The first terms is y cubed and the second term is 3 cubed. In this situation, you use the formula:

(a +/- b)(a^2 -/+ ab + b^2)

So whatever the sign is in the problem, that sign will be used in the first binomial. Then, for the first sign in the trinomial, you switch it. The last sign is always positive. Factoring the problem above, you get:

(y + 3)(y^2 - 3y + 9)

This formula is a little more complicated than difference of squares, so remember it well.

4. Quadratic Trinomials (The "Bottoms-Up" Method)

First, before I start, remember that the general form of a quadratic equation is:

ax^2 + bx + c

where a, b, and c are all coefficients.

Let's say you have the following:

2x^2 - 7x + 5

You can't use any of the above strategies for this, right? So what you do here is something that I like to call "bottoms-up" method. You'll see why, later.

The first thing you do is multiply a and c (in this case, you get 10). Now you have to ask yourself, "What two numbers can I multiply to get 10 and add to -7?" The answer happens to be -2 and -5. Now "divide" those two numbers by the "a" term and you should get the fractions -1/1 and -5/2. Then, just read those fractions from the "bottom-up" and put them into your binomial factors. So your result would be:

(x - 1)(2x -5)

And magically enough, that's the answer! So why did you do that? Well, foil that out and you'll see that you ended up right where you started! See? Magic math.

5. Completing the Square

This isn't a method that I would normally recommend, unless you need an equation in vertex form or your teacher asks specifically for it.

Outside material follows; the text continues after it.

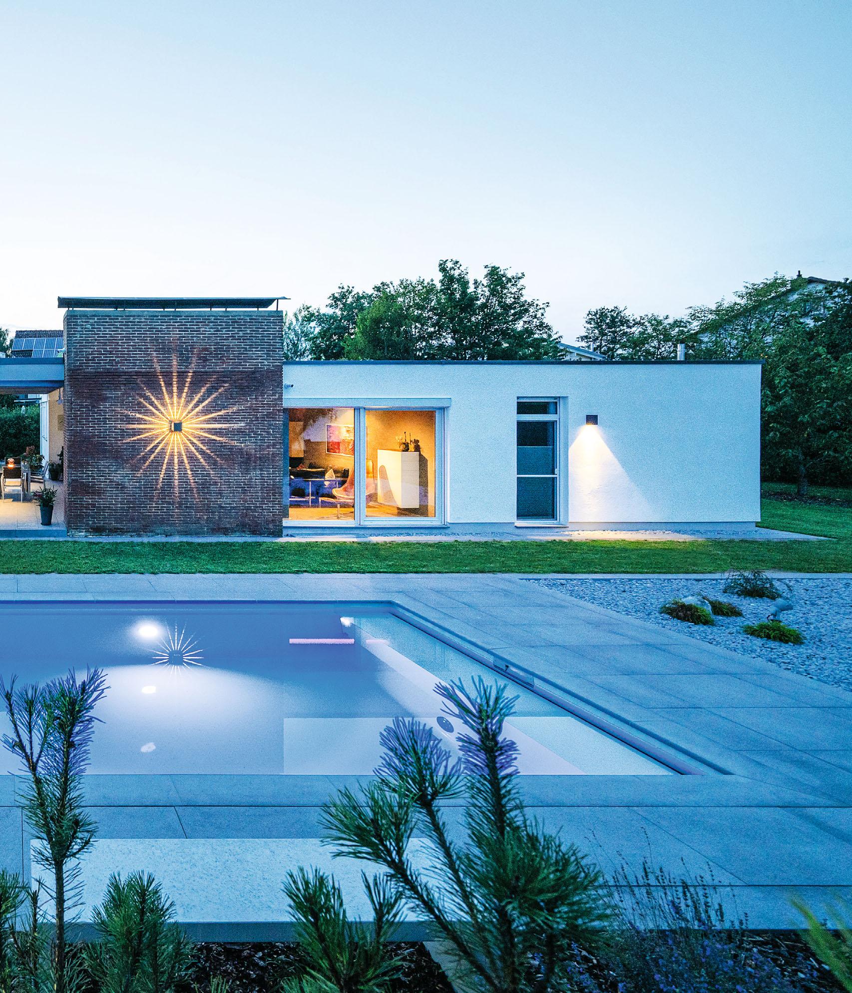 Man erkennt, dass hinter der Beleuchtung von Haus und Pool fachliches Know-how steht. Der Bauherr ist Elektromeister und hat das Lichtkonzept selbst gestaltet.

But, let's say you have the polynomial

x^2 + 6x - 2

You can't really use the "bottoms-up" method since nothing multiplies to -2 and adds to 6, right? So you could try completing the square. This method is used when you want to get it in the form:

a(x - h)^2 + k

where (h,k) is the vertex of your parabola. This is also known as vertex form. It seems like a complicated form, but it's actually not too difficult to get to. How you're going to do it is by first taking b (6 in this case) and dividing it by 2. Then you take that number (3) and square it (9). You then add that too your equation (it helps to stick it in between the 6x and -2). But don't forget to keep things equal. To offset the adding of 9, you should subtract 9 from your equation. So now you get:

(x^2 + 6x + 9) -2 -9

(parenthesis added for emphasis) To turn it into a squared binomial is simple. Take the original b/2 number (3 in this case) and use that for h in the vertex form. So it would look like this:

(x + 3)^2 - 11

There, that's pretty much all you need to know about factoring. If you have any more questions, please feel free to ask.